_PROBLEM DESCRIPTION_. One part of the entries below is wanted: the lines from the one containing "Beautiful Snowy Owl" through the one containing "There is a check". Write those out exactly and nothing else.

_DATASET RECORDS_.
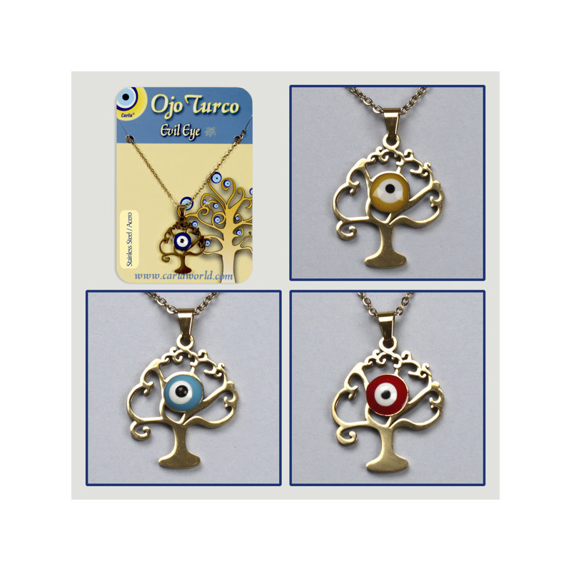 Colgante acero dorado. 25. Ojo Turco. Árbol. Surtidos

---

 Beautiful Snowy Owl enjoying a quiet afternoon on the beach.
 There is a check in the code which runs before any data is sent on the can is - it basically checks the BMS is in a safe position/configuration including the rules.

_RESULT_.
 Beautiful Snowy Owl enjoying a quiet afternoon on the beach.
 There is a check in the code which runs before any data is sent on the can is - it basically checks the BMS is in a safe position/configuration including the rules.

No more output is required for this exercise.